HistGradient Boosting: HistGradient Boosting is a newer model that is optimized to work with very large datasets (10,000+ samples). It works by creating a histogram of the data, then works the same as Gradient Boosting.

Because the Iris dataset is relatively small, we will not be using HistGradient Boosting. However, we will be using and comparing AdaBoost and Gradient Boosting.

Please create an AdaBoost model and a Gradient Boosting model using the below code.

A fun thing about the AdaBoost model is that it can be used with any model, not just Decision Trees. One argument in its constructor is estimator, which allows you to provide a class to use as the base model. By default, it uses a Decision Tree (with depth_tree 1, so it is generally preferred to change this), but you can use any model you want. For this project, we will be using a Decision Tree with a max depth of 3.

from sklearn.ensemble import AdaBoostClassifier, GradientBoostingClassifier
from sklearn.tree import DecisionTreeClassifier

adaboost = AdaBoostClassifier(estimator=DecisionTreeClassifier(max_depth=2), n_estimators=100, random_state=20)
adaboost.fit(X_train, y_train)

gradient_boost = GradientBoostingClassifier(n_estimators=100, random_state=20, max_depth=2)
gradient_boost.fit(X_train, y_train)

y_pred = adaboost.predict(X_test)
accuracy = accuracy_score(y_test, y_pred)

print(f'AdaBoost is {accuracy*100:.2f}% accurate')

y_pred = gradient_boost.predict(X_test)
accuracy = accuracy_score(y_test, y_pred)

print(f'Gradient Boosting is {accuracy*100:.2f}% accurate')

Deliverables

Accuracy of the AdaBoost model
Accuracy of the Gradient Boosting model

Question 7 (2 points)

In question 3, we looked at how the number of trees in the forest affected the accuracy of the model. In this question, we will look at how the number of trees in the AdaBoost and Gradient Boosting models affect the accuracy of the model.

Please write code to find the accuracy of the AdaBoost and Gradient Boosting models with 10 through 500 trees, in increments of 10. Record the accuracy of each model into lists called ada_accuracies and grad_accuracies, respectively.

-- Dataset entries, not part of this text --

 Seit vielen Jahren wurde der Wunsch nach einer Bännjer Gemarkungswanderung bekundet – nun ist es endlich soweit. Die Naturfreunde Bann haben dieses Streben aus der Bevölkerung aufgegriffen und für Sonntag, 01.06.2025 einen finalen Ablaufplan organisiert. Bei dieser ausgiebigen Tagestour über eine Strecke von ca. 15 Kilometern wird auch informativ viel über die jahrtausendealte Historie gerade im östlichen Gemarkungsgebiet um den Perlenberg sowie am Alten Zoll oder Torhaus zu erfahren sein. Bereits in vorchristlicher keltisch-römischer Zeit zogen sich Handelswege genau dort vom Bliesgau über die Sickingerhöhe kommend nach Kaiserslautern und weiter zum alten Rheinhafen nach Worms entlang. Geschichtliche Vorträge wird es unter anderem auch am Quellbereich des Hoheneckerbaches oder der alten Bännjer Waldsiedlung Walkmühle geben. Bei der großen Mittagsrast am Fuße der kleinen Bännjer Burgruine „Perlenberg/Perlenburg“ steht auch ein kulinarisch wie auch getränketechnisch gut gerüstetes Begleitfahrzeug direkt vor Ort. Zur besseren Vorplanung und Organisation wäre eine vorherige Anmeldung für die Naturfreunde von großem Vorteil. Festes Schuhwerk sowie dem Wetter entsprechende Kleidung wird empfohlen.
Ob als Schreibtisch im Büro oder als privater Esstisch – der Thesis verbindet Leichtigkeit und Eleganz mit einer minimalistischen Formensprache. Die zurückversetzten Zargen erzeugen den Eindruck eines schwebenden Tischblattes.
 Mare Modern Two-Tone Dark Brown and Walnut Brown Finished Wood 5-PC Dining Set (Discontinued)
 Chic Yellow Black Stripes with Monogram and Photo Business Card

Additionally, record the training/testing time of each model into lists called ada_times and grad_times, respectively. Plot the number of trees against the accuracy of the model for both models. Be sure to use a random_state of 7 and max_depth of 2 for reproducibility.

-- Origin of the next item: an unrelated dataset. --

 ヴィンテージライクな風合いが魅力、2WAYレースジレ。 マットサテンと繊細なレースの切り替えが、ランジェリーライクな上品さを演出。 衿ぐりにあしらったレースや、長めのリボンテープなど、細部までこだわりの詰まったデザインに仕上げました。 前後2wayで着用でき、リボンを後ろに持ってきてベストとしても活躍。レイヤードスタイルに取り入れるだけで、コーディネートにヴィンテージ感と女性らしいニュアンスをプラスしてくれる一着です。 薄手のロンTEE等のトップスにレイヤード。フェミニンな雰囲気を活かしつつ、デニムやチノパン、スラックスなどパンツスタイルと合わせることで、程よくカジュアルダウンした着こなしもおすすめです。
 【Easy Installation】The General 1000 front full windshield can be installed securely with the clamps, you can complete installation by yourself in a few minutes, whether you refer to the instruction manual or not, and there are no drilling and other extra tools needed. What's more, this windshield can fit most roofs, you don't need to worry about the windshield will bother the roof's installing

Code to graph the accuracy of the models is below.

import matplotlib.pyplot as plt

plt.plot(range(10, 501, 10), ada_accuracies)
plt.plot(range(10, 501, 10), grad_accuracies)
plt.legend(['AdaBoost Accuracy', 'GradientBoost Accuracy'])
plt.xlabel('N_Estimators')
plt.ylabel('Accuracy')
plt.title('Accuracy vs N_Estimators')

Code to graph the time it takes to train and test the models is below.

import matplotlib.pyplot as plt

plt.plot(range(10, 501, 10), ada_times)
plt.plot(range(10, 501, 10), grad_times)

plt.legend(['AdaBoost Accuracy', 'GradientBoost Accuracy'])
plt.xlabel('N_Estimators')
plt.ylabel('Time')
plt.title('Time vs N_Estimators')

Deliverables

How do the accuracies of the models compare to eachother?
How do their training/testing times compare to eachother? Is there something unexpected in the Time with AdaBoost? Why do you think this is happening? (hint: read the scikitlearn documentation, specifically the n_estimators parameter)

Submitting your Work

Items to submit

firstname_lastname_project8.ipynb

You must double check your .ipynb after submitting it in gradescope. A very common mistake is to assume that your .ipynb file has been rendered properly and contains your code, comments (in markdown or with hashtags), and code output, even though it may not. Please take the time to double check your work. See the instructions on how to double check your submission.

You will not receive full credit if your .ipynb file submitted in Gradescope does not show all of the information you expect it to, including the output for each question result (i.e., the results of running your code), and also comments about your work on each question. Please ask a TA if you need help with this. Please do not wait until Friday afternoon or evening to complete and submit your work.